The decline in U.S. bond yields in the face of strong economic and inflation data was the prominent feature of financial markets in Q2 (graph below). Some market participants interpret this bond market behaviour as signaling a relative speedy return to pre-pandemic anemic growth and inflation norms. Inflow into mega-cap technology has picked up as a consequence.
Source: Strategas Research Partners
At this point, there is very little hard data to bolster this view. Real economic data continues to exhibit positive momentum as witnessed by the strong recovery in U.S. employment this past week. European data continues to improve (graphs below) as pandemic induced restriction are eased.
Source: Strategas Research Partners
Despite early signs of cost inflation, corporate earnings expectations continue to rise for 2021 (graph below). Expectations were already high at the beginning of the year when U.S. companies were expected to grow earnings by +23% (almost 4x the long-term average). After a strong Q1 reporting season and continued evidence of economic momentum, this number has increased to almost +37% as we enter the Q2 reporting period.

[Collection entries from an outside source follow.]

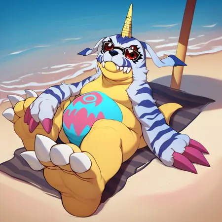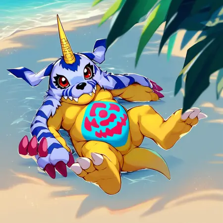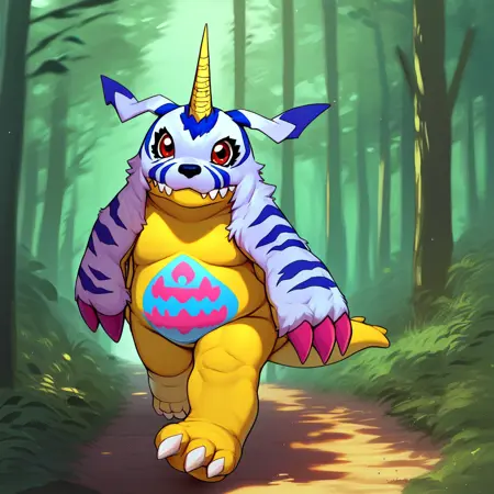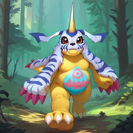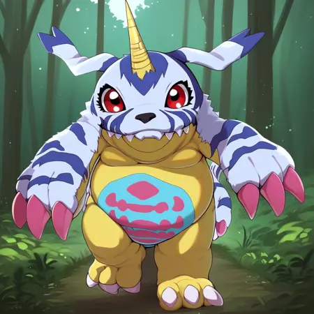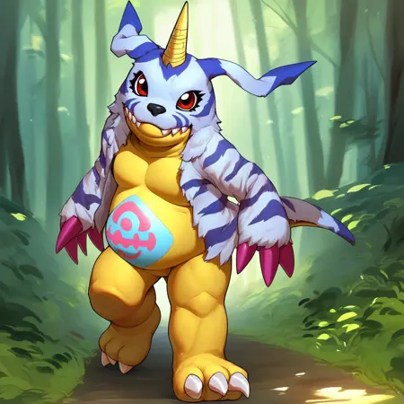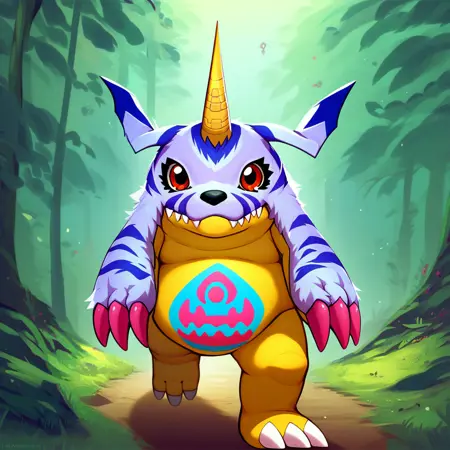 最適なプロンプト: (gabumon, digimon, single horn, claws, red eyes, sharp teeth, creature, monster, chubby, pudgy belly, blue and pink markings on belly, blue fur pelt, yellow body, three toes)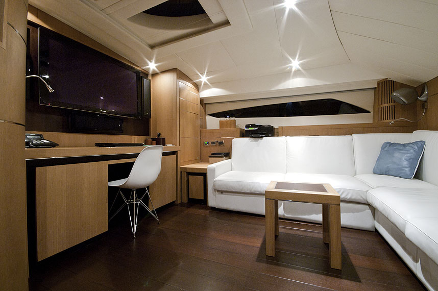 Above the main deck, the flybridge boasts further seating and chaise lounges.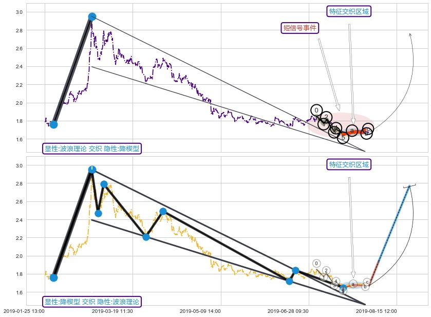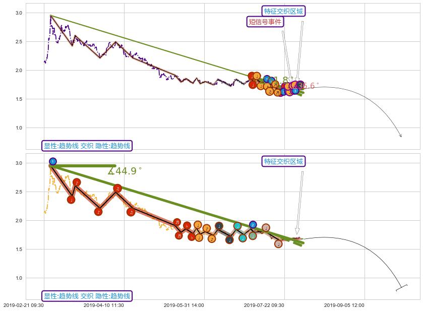 ➢ 趋势线属【短级别信号事件】降楔型属【长级别信号事件】长短周期组合信号事件, 短长事件长度比13.66%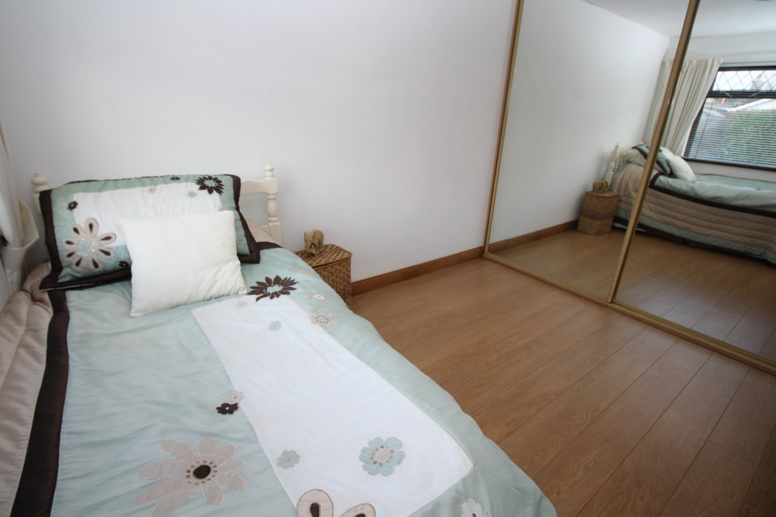 Range of fitted robes with mirrored sliding doors. Laminate wooden floor.

Source: Strategas Research Partners
Our base case remains that we have yet to see the highs in yields or earnings and that the market recovery will continue to be led by the traditional value sectors. The extreme upward price move in these sectors had attracted huge inflows in the first quarter of this year that left these sectors vulnerable to an overcrowded positioning. Recent ETF flow of funds data seems to indicate that this overcrowded positioning has been corrected for the most part in Q2 (graphs below). This should allow for a resumption in market leadership in the second half of the year.

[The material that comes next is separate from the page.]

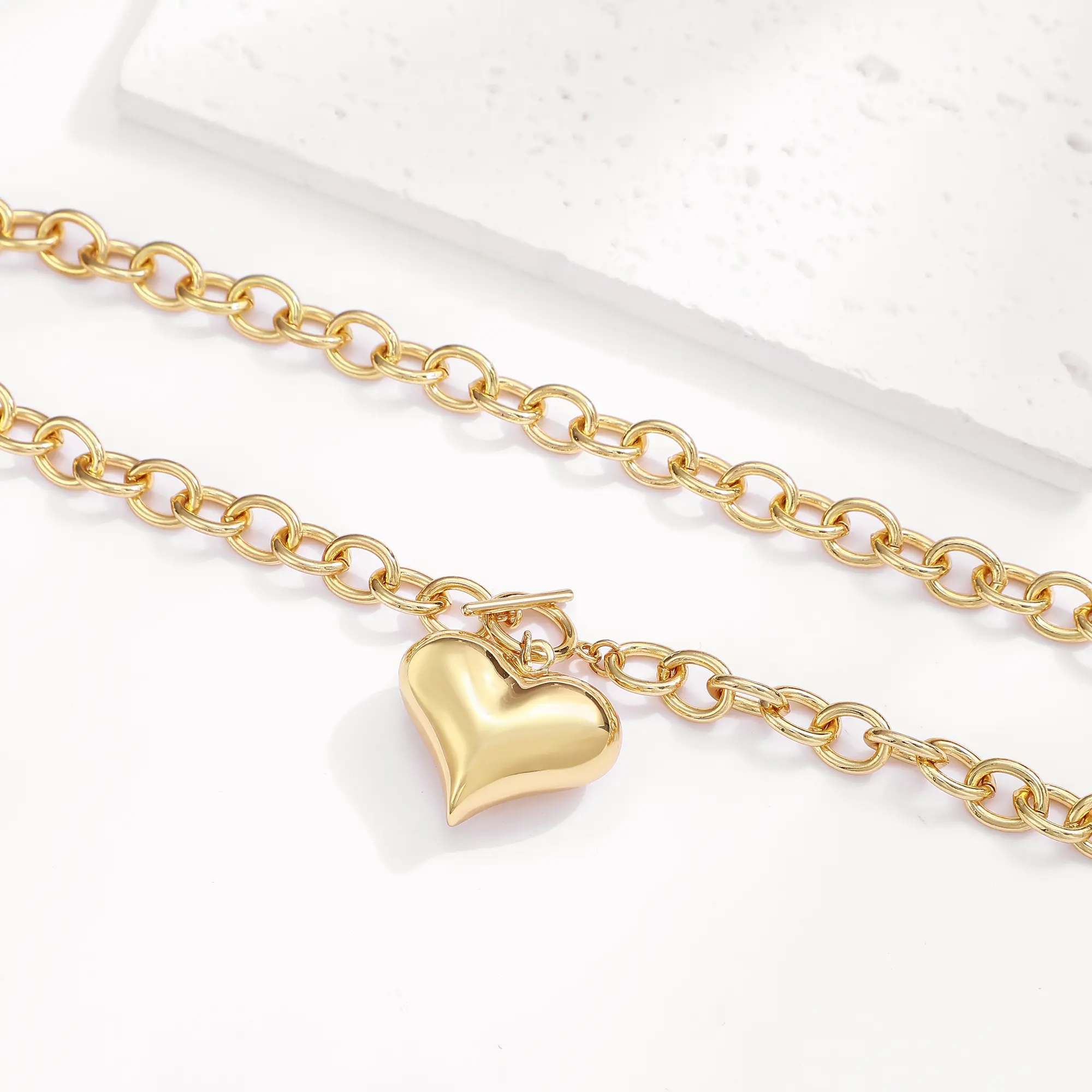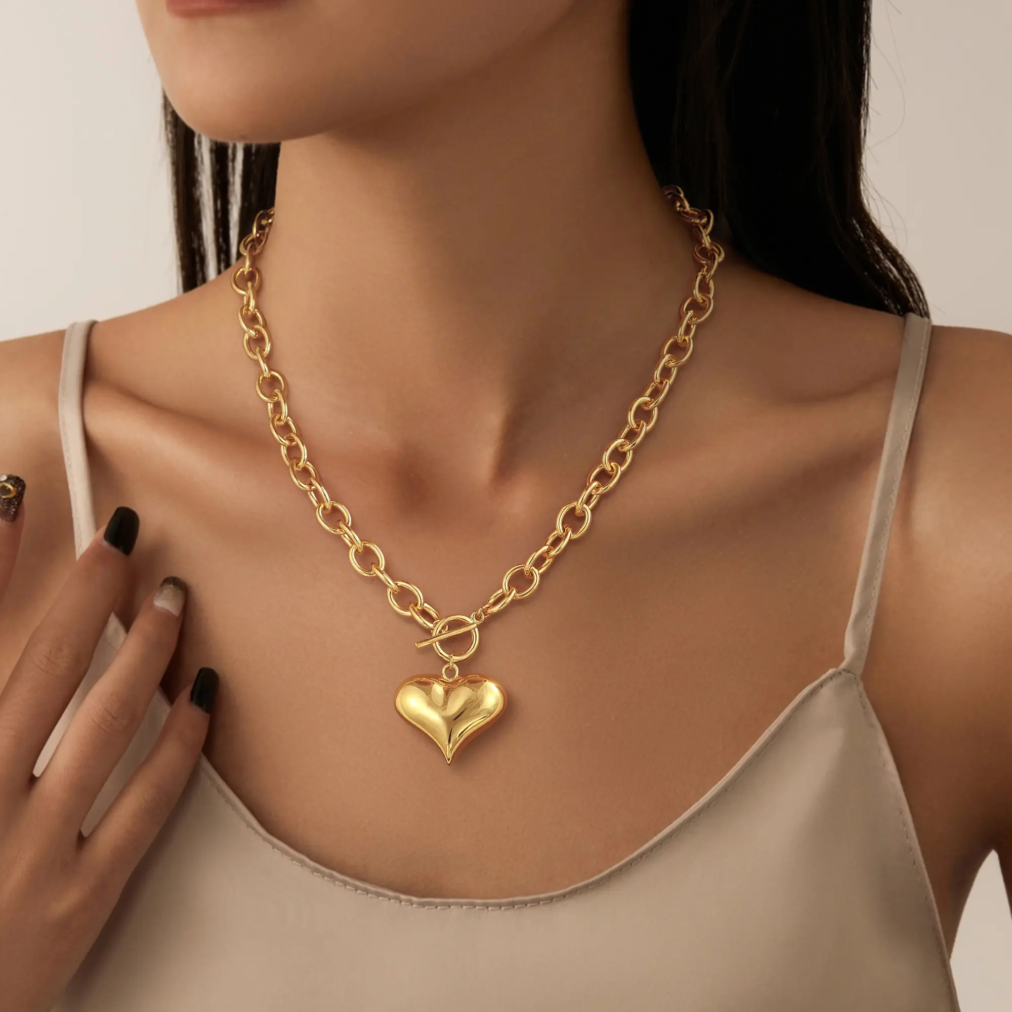 ·Shape: Heart shape pendant with a paperclip chain design.

Source: Strategas Research Partners
Source: Strategas Research Partners
While we expect market returns to remain solid in H2, we are cognizant that from a seasonal perspective we are entering the weakest quarter of the year. In addition, while the positive upward trend of the market remains intact, evidence has been building of a recent loss of underlying momentum (charts below). The new highs recorded by market indices during the past month have been achieved with the participation of far fewer stocks. Investor sentiment indicators are also showing growing investor complacency. This combination of seasonality, market breadth and investor sentiment do suggest that the probability of a mild market correction has increased.